A FIFTH woman has come forward claiming that she was tricked by a bogus studio photographer who used fake Facebook accounts to dupe aspiring models to submit nude photos in exchange for a high fee that he never paid.
Professional model and actress Violeta Lorens raised the alarm earlier in the week when she posted a warning on her profile page that a man, claiming to be a photographer, had approached young women and offered them €10,000 for their nude photos.
“I posted that message after I was contacted by around 25 women who wanted to know whether that man was really a photographer,” Lorens told the Cyprus Mail.
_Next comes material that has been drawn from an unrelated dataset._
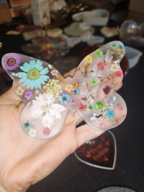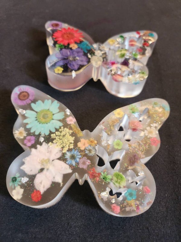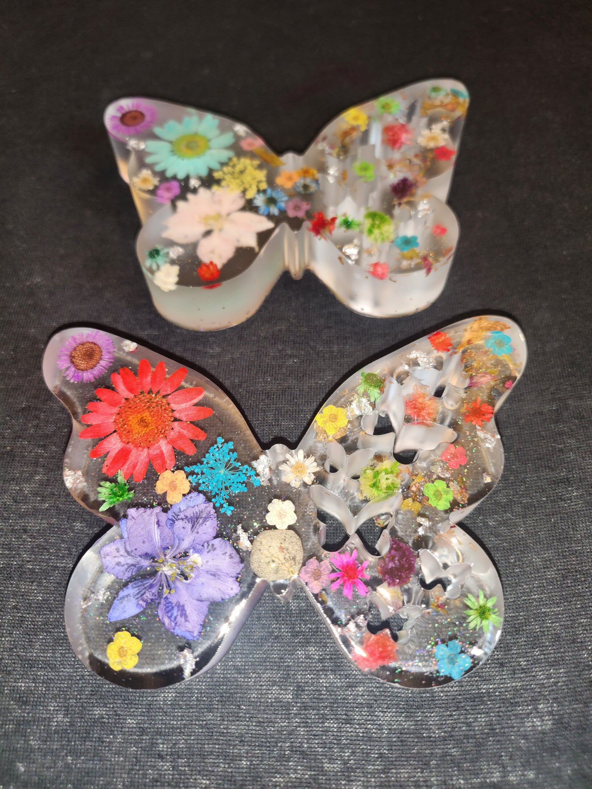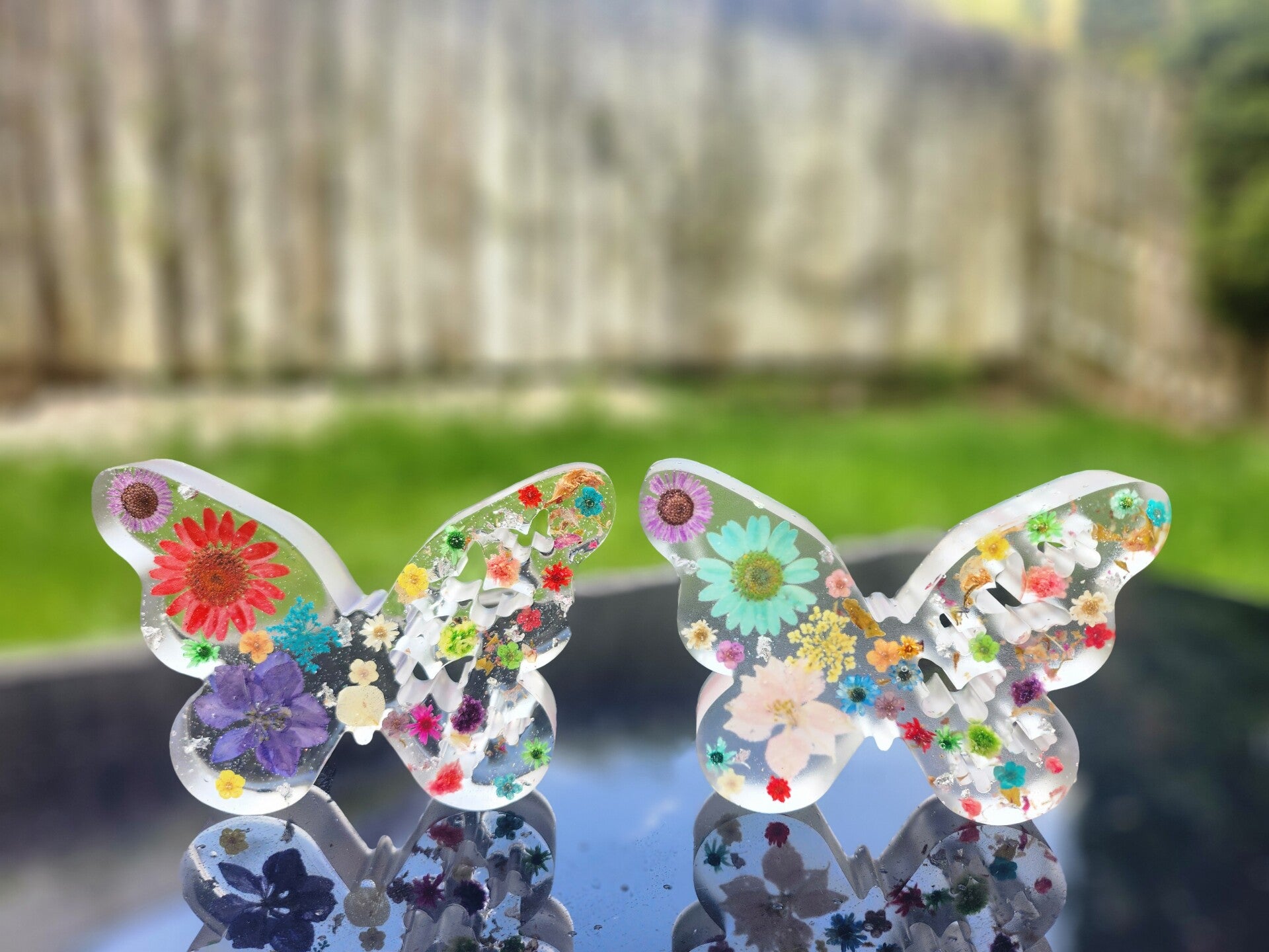 Schmetterling mit echten Blumen in Matt oder Glänzend pro Stk.

She said that she reported the case to the police and that within a week a fifth woman also filed a complaint.
Lorens said that the alleged photographer had created a fake Facebook account using her name and photographs, and that he used that profile to convince other unsuspecting women to pose for him naked or even agree to participate in an erotic video.
“He was offering from €2,000 for nude photos to €50,000 for a video and was sending them bogus receipts of the Limassol Coop bank, with the sum they had agreed,” she said.
She added that around half of them told her they fell for the trick, while at least three had agreed to shooting a video. The victims are from all districts, Lorens said.
“He had posted on my fake Facebook profile a message that I supposedly sent him saying that I had spent the €4,500 he had sent me and that I was waiting for the remaining €6,000 we had agreed to,” she said.
Lorens said that the bogus photographer, in order to convince women to pose naked for him, was sending them photos of friends or of other women who had allegedly agreed to pose. He also sent Loren photos of her own friends, she said, to convince her to pose nude as well.
“When they were asking for their money, he would tell them ‘as if I was going to give you whores any money’ and blocked them,” Lorens said.
She said that the man, who used to communicate with his victims through Facebook, Skype and by phone, is between 30 and 35, from Greece, and was staying in Cyprus. “He was saying he was living in Larnaca, that he was a photographer and a manager in a shipping company. Lately he was saying he had moved to Dubai,” Lorens said.
After Lorens and four others so far reported the case to the police this week, and after telling her story on a TV chat show, the con artist, she said, deactivated his Facebook account and the phone number he was using. He is also certain he will not get caught.
“A few days ago he spoke to one of the girls through Skype and told her that he was not afraid of the police and that they would not find him,” Lorens said.
She said that the reason she went public with this story was to encourage the victims to report to the police.
On Friday, she said, she had escorted a woman that was tricked to the Paphos CID to report.